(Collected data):
=-=-=-=-=

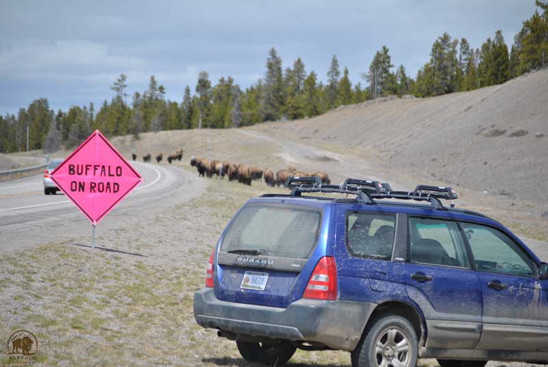 Our teams also regularly work to alert passing motorists to the presence of buffalo on and near the highways to reduce accidents and increase public awareness of wildlife migration corridors, and we successfully petitioned the state to lower the speed limit through buffalo migration corridors. This has saved many buffalo lives—and human lives as well. In addition to the buffalo, the security of human visitors within the Yellowstone ecosystem is increased because of BFC’s work! In addition to highway flagging to reduce the number of bison-vehicle collisions, we are working to initate safe passage infrastructure along key sections of highway where buffalo crossings frequently occur. These highway projects, such as wildlife overpasses and underpasses, would significantly reduce danger to both bison and motorists. Similar projects have been implimented with great success in Northwestern Montana, British Columbia, and elsewhere.
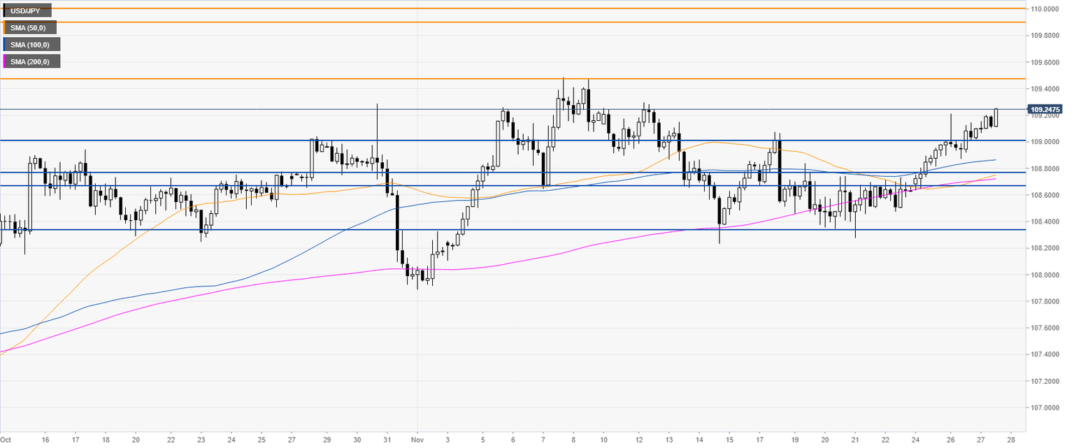 - USD/JPY is nearing the November highs while trading above the 109.00 handle.
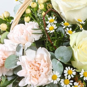 Our woodland themed Jayde basket is perfect for bringing a charming country feel gift. Using classic colours and combination of flowers creates this basket, including Roses, Thistle and Carnations
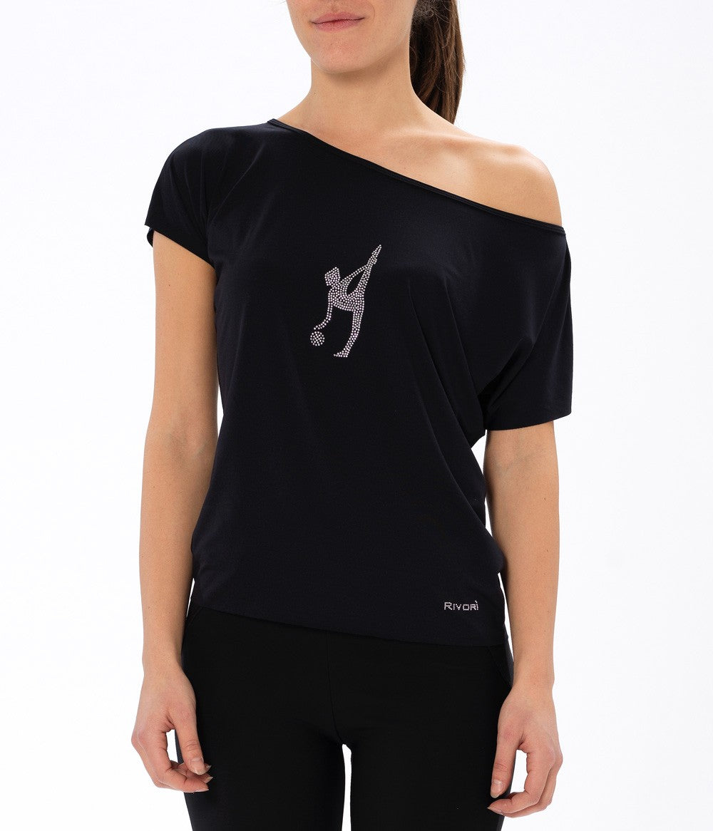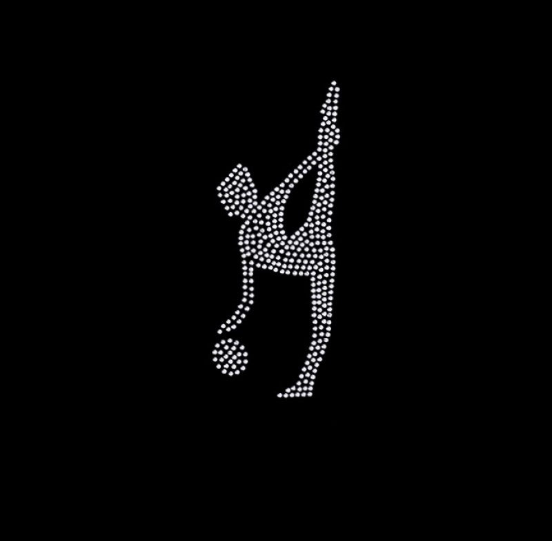 Personalizzazione per ginnastica ritmica 100% made in Italy, realizzata con cristalli. Può essere applicata davanti o dietro la maglietta. Misure: altezza 13 cm, Larghezza 5 cm
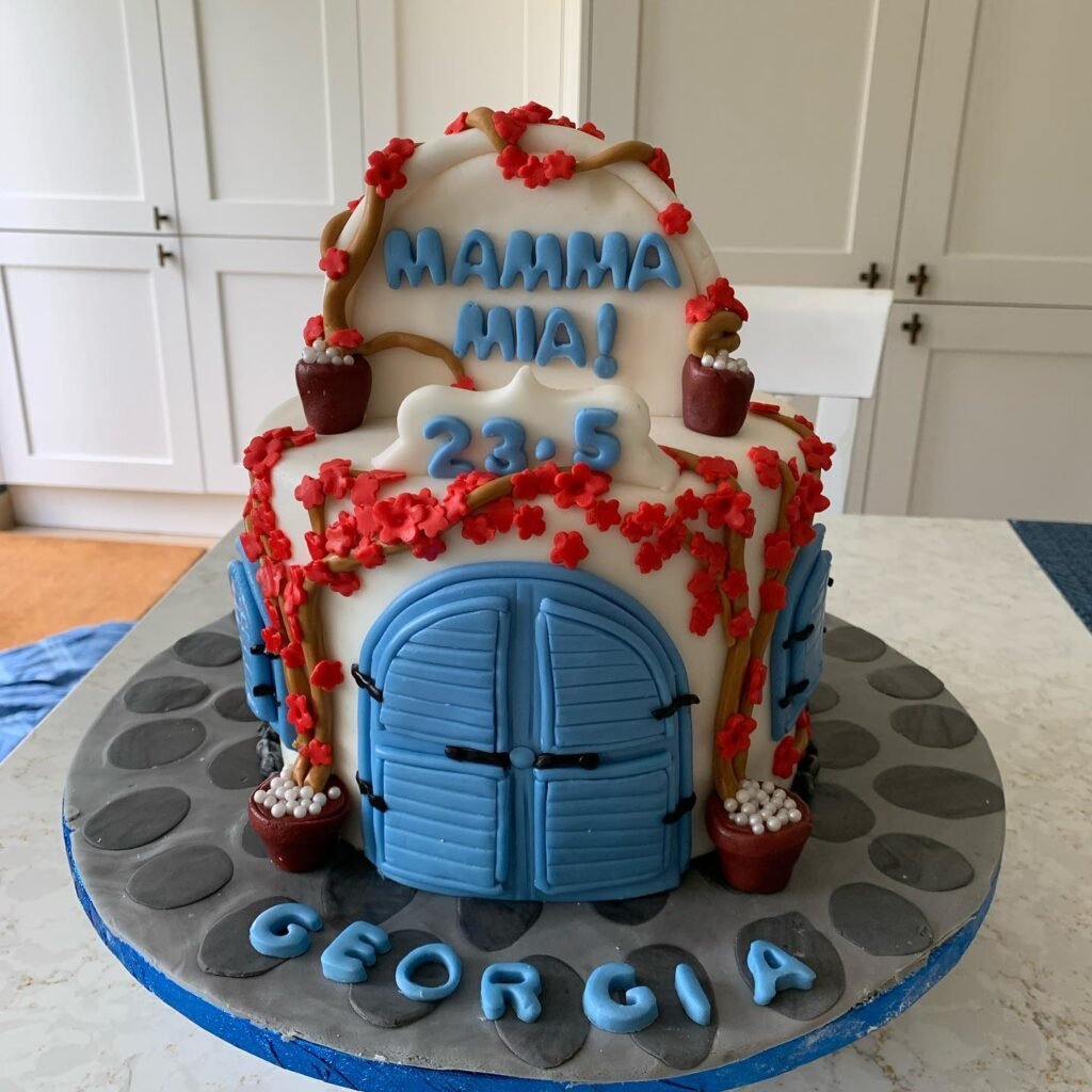 The “MAMMA MIA!” lettering in bright blue really pops, while “GEORGIA” spelled out on the cake board makes it personal. It’s like having a slice of Santorini right on your dessert table!

=-=-=-=-=

Leave out every picture and copy the rest of the records exactly.

 Our teams also regularly work to alert passing motorists to the presence of buffalo on and near the highways to reduce accidents and increase public awareness of wildlife migration corridors, and we successfully petitioned the state to lower the speed limit through buffalo migration corridors. This has saved many buffalo lives—and human lives as well. In addition to the buffalo, the security of human visitors within the Yellowstone ecosystem is increased because of BFC’s work! In addition to highway flagging to reduce the number of bison-vehicle collisions, we are working to initate safe passage infrastructure along key sections of highway where buffalo crossings frequently occur. These highway projects, such as wildlife overpasses and underpasses, would significantly reduce danger to both bison and motorists. Similar projects have been implimented with great success in Northwestern Montana, British Columbia, and elsewhere.
 - USD/JPY is nearing the November highs while trading above the 109.00 handle.
 Our woodland themed Jayde basket is perfect for bringing a charming country feel gift. Using classic colours and combination of flowers creates this basket, including Roses, Thistle and Carnations
 Personalizzazione per ginnastica ritmica 100% made in Italy, realizzata con cristalli. Può essere applicata davanti o dietro la maglietta. Misure: altezza 13 cm, Larghezza 5 cm
 The “MAMMA MIA!” lettering in bright blue really pops, while “GEORGIA” spelled out on the cake board makes it personal. It’s like having a slice of Santorini right on your dessert table!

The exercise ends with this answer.